Burpham is the type of English idyll of thatched cottages with Sussex-flint walls, a Saxon church, a cricket pitch nestled amongst water meadows, and a pub where the morning’s Telegraph is enjoyed with a G&T. It also has a fine Country House hotel, where we stayed whilst exploring the area for a few days.

Run with love and care by owners Steve and Jackie, the house was initially a hunting lodge in the 1700s, before spending much of the 19th century as the village Rectory and home of the noted naturalist and author the Rev Tickner Edwardes. Converted to a hotel in the 1930s, the current owners have managed to embrace the varied character of the house whilst providing very comfortable rooms, a relaxed and very welcoming atmosphere, croquet lawn, four-poster beds, and through Steve, excellent food.

We relaxed in the 1920s drawing room and fixed a pre-dinner drink through their well-stocked honesty bar, reading up on the local history and attractions. Dinner was a spiced welsh rarebit, mouthwatering steak with a generous serving of the rare Cafe de Paris butter (blended with over 20 ingredients), and a roast chicken with delicious home grown summer veg. The menu’s award-winning Caroline’s Dairy ice-cream from a local farm topped off the meal, and the only thing missing was a warning that just three scoops would cause addiction.

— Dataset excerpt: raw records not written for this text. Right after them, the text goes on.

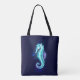Frische, kristallklare, eisige, polygonale Seepferde auf dunkelblauem Hintergrund.
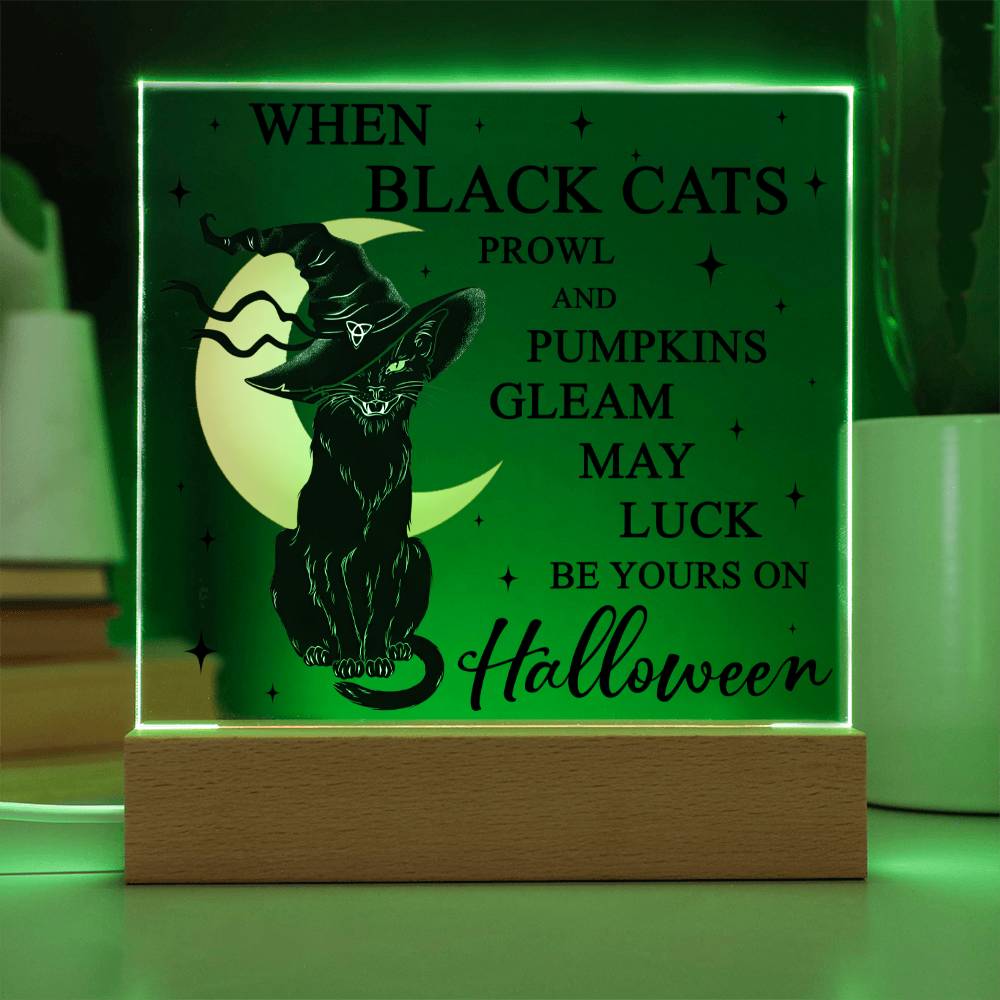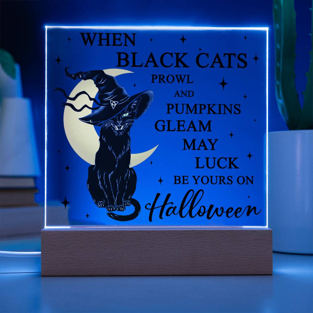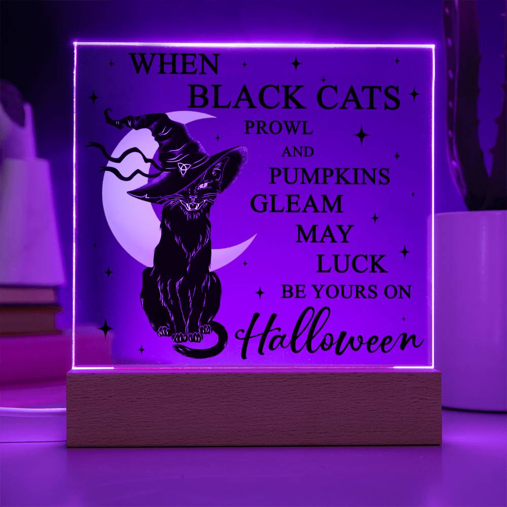 Halloween Decorative Plaques When The Black Cats Prowl, Pumpkins Gleam, May Luck Be Yours, gift ideas witch
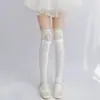 Meias Brancas de Renda Lolita Acima do Joelho jk Estilo Ballet Laço de Fita Azul Estudante Versátil Meias Longas
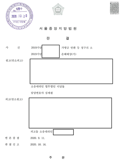 가맹금 반환청구는 가맹사업 해당여부, 가맹사업법 적용여부, 정보공개서 미제공 / 허위과장 정보 해당여부, 계약일로부터 4개월 이내에 가맹금의 반환청구(적법요건에 맞게) 등 일련의 절차를 잘 이해하고 있는 전문가의 도움을 받으시는 것이 좋습니다. 저 역시 그 중의 한사람이라 생각합니다. 선고되고 1년이 넘는 기간동안 함께 마음고생을 했던 의뢰인 분과 기쁜 소식을 나누었습니다.

But the next day saw the sun reflecting off the beautiful rolling hills of the Downs, and demanded a morning’s exploring – after a substantial breakfast in the conservatory. On the advice of Jackie, we set off up the hill towards the South Downs Way, a path that stretches 100 miles from Winchester in Hampshire right up to the white cliffs of Beachy Head. The Way passes only a few miles north of Burpham, so we took footpaths that wind across the Duke of Norfolk’s Estate, where, in summer, the fields are purposefully bordered with wild flowers to encourage a vibrant eco-system and to add more colour to what is still a working landscape.

Another chocolate-box village is Amberley, popular to two distinct groups of tourists, as it boasts the attractions of Amberley Working Museum, a large site dedicated to the industrial heritage of the South East – and also a chalk quarry used in the James Bond caper View to a Kill.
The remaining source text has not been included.